Does anybody know how to get to the Material price of 1920 and usage variance of -720

Thanks

Comments

  • Anisa97Anisa97 Posts: 42MAAT
    Standard material cost of production-
    £36 (standard cost per unit) x 300 (actual units produced) = £10800

    Actual material cost of production-
    The variance given is £1200 favourable so we subtract it from the total standard material cost of production. £10800 - £1200 = £9600

    Material USAGE variance-
    The standard usage for actual production is: 3kg (given in the question) multiplied by 300 units (also given) which equals 900kg.
    Actual usage is £9600 (actual total price as calculated) divided by £10 (actual price per kg given) which equals 960kg
    So 60kg more was used than budgeted, which is an adverse variance.
    60kg multiplied by £12 (standard price per kg) is £720. Note that the question gives the standard cost per UNIT and not per kg - to get the standard price per kg we divide the cost per unit (£36) by the standard usage per unit (3kg)

    Material PRICE variance:
    This is £12 (standard price per kg as calculated above) multiplied by 960kg (actual usage as calculated above) which equals £11520, minus £9600 (actual total cost as calculated above), giving £1920
    The actual price is lower than the budgeted price by £1920 so it's a favourable variance.
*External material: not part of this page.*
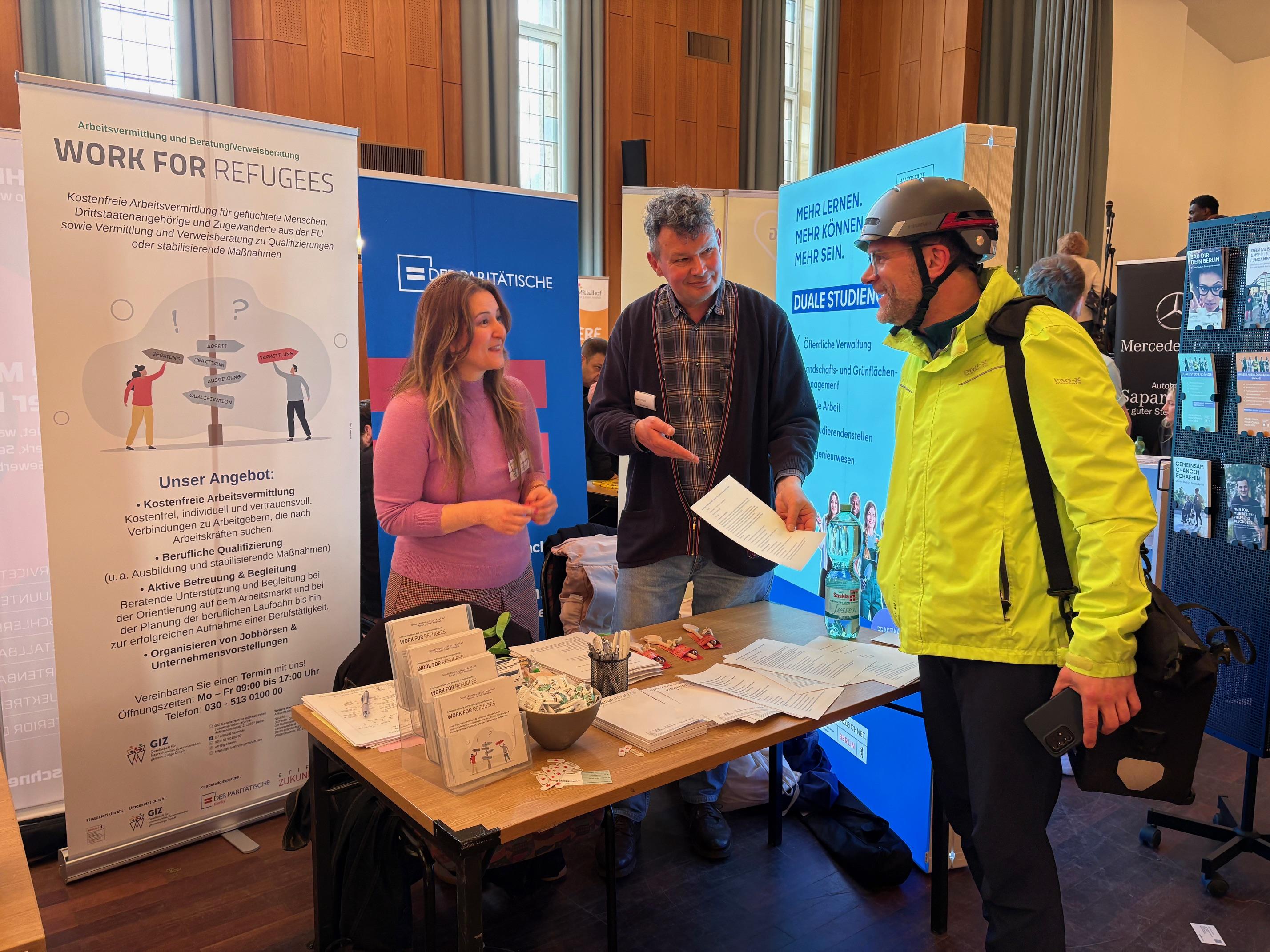 Die Jobmesse richtete sich gezielt an zugewanderte Menschen und bündelte Angebote rund um die Themen Beschäftigung, Ausbildung und Qualifizierung. Im Mittelpunkt der Gespräche am Beratungsstand von Work for Refugees standen die individuelle berufliche Orientierung, die Klärung von Fragen zum Arbeitsmarktzugang sowie die Vermittlung konkreter Perspektiven für den Berliner Arbeitsmarkt.

    Material usage variance plus material price variance equals the total material variance given: 1200= 1920 - 720

    Hope that helps!
  • SineadpSineadp Posts: 67Registered
    Thank you so much
  • SineadpSineadp Posts: 67Registered
    Do you know how to work out the Expenditure of 0 and efficiency of 210?
  • Anisa97Anisa97 Posts: 42MAAT
    Sure :)

    Standard variable cost of production (total):
    This is simply £10.50 (the standard variable cost per unit given) multiplied by 300 (number of actual units produced) = £3150

    Actual variable cost of production (total):
    £3150 (standard total cost) minus £210 (favourable variance given) = £2940
    A favourable variance here means the actual cost was lower than budgeted so we subtract it.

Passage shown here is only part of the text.